Commentary and exegetical material (Verse 203)
sankhārā paramā dukhā: components (sankhārā) the worst suffering. The term sankhārā has different shades of meaning, which should be carefully distinguished. To its most frequent usages the general term formation may be applied, with the qualifications required by the context. This term may refer either to the act of forming or to the passive state of having been formed or to both.

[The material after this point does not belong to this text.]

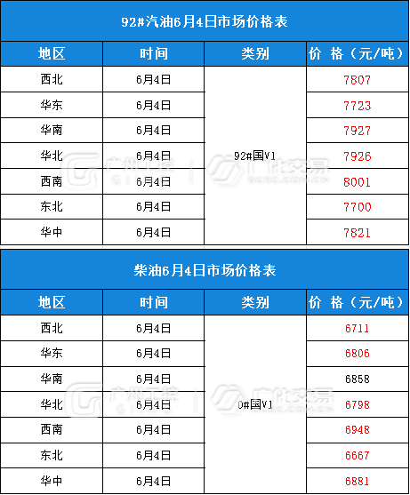 油品类报价(6月4日)
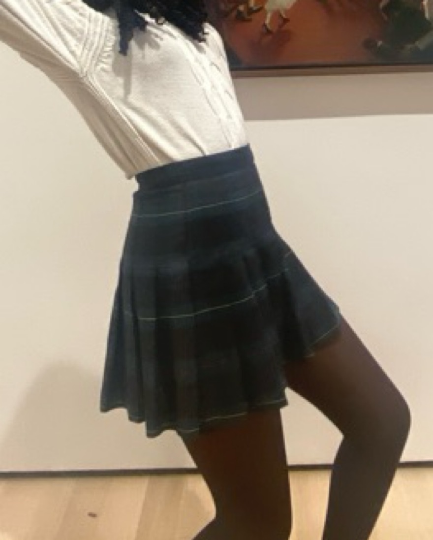 This stylish pleated plaid mini skirt is perfect for a fun day with friends. The classic plaid pattern adds a touch of sophistication to any outfit.

(1) As the second link of the formula of dependent origination, (paticca-samuppāda), sankhāra has the active aspect, forming, and signifies Kamma which is wholesome or unwholesome volitional activity (cetanā) of body (kāya), speech (vacī) or mind (citta or mano). For, in this sense, the word ‘Karma-formation’ has been coined by the author. In other passages, in the same context, sankhārā is defined by reference to (a) meritorious Karma-formations (puññābhisankhāra), (b) demeritorious (apuññābhisankhāra), (c) imperturbable (āneñjābhisankhāra). This three-fold division covers kammic activity in all spheres of existence: the meritorious kamma-formations extend to the sensuous and the fine-material sphere, the demeritorious ones only to the sensuous sphere, and the imperturbable only to the immaterial sphere.

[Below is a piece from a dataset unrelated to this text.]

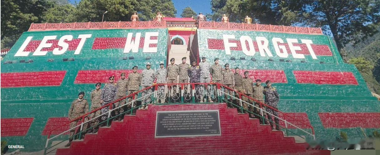 【藏南军情】 11月18日,来自印度高级防务管理研修班( Higher Defence Management Course)的16人代表团窜访藏南瓦弄,其主要目的是为深入了解高海拔和偏远边境地区的作战态势,16人来自印度陆军、海军和空军的高级军官。“考察”期间,官兵们详细了解了当地的安全形势、地形作战挑战以及东部喜马拉雅地区综合后勤保障的重要性。 下图中后面有英语“LEST WE FORGET”,猛地一看以为是他们拼错了,查了查资料,应翻译为“免得我们忘记,多用于提醒人们不要忘记过去的重要事件或经历的短语,尤其是在纪念战争时使用”,这面墙是印度“瓦弄战争纪念馆”的背景,看来印度一直念念不忘1962年的失利。中印冲突 印军演习 印度军事扩张

(2) The aforementioned three terms, kāya-, vacī- and citta (or mano), are sometimes used in quite a different sense, namely as (a) bodily function as in-and-out-breathing; (b) verbal function as thought-conception and discursive thinking; and (c) mental function as feeling, perception.
(3) It also denotes the fourth group of existence (sankhāra-kkhandha), and includes all mental formations whether they belong to kammically forming consciousness or not.

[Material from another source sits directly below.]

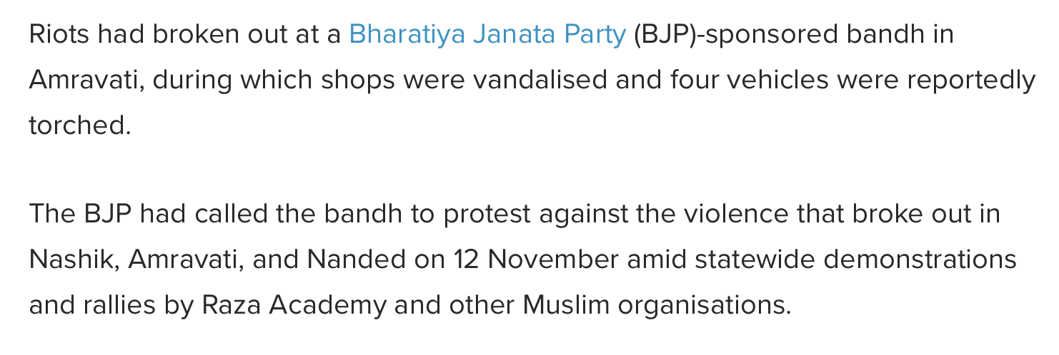 Recently, violence had gripped the state of Maharashtra this week, most notably the city of Amravati in Vidarbha, following the state-wide protests and rallies organised by some Muslim organisations on Friday, November 12, against reported incidents of mosques being vandalised in Tripura.

(4) It occurs further in the sense of anything formed (sankhata) and conditioned, and includes all things whatever in the world, all phenomena of existence. This meaning applies to the well-known passage “All formations are impermanent… subject to suffering” (sabbe sankhārā aniccā… dukkhā). In that context, however, sankhārā is subordinate to the still wider and all-embracing term dhamma (thing); for dhamma includes also the unformed or unconditioned element (asankhata-dhātu), i.e., Nibbāna (e.g., in sabbe dhammā anattā: all things are without a self).
Sankhārā also means ‘volitional effort’, e.g., in the formula of the Roads to Power (iddhi-pāda);in sasankhārā- and asankhāra-parinibbāyi (anāgāmī); and in the Abhidhamma terms asankhārika and sasankhārika-citta, i.e., without effort–spontaneously, and with effort–prompted.
Within the dependent origination, sankhārā is neither subconscious nor a mere tendency, but is a fully conscious and active karmic volition. In the context of the five groups of existence, a very few of the factors from the group of mental formations (sankhāra-kkhandha) are also present as concomitants of sub-consciousness, but are not restricted to it, nor are they mere tendencies.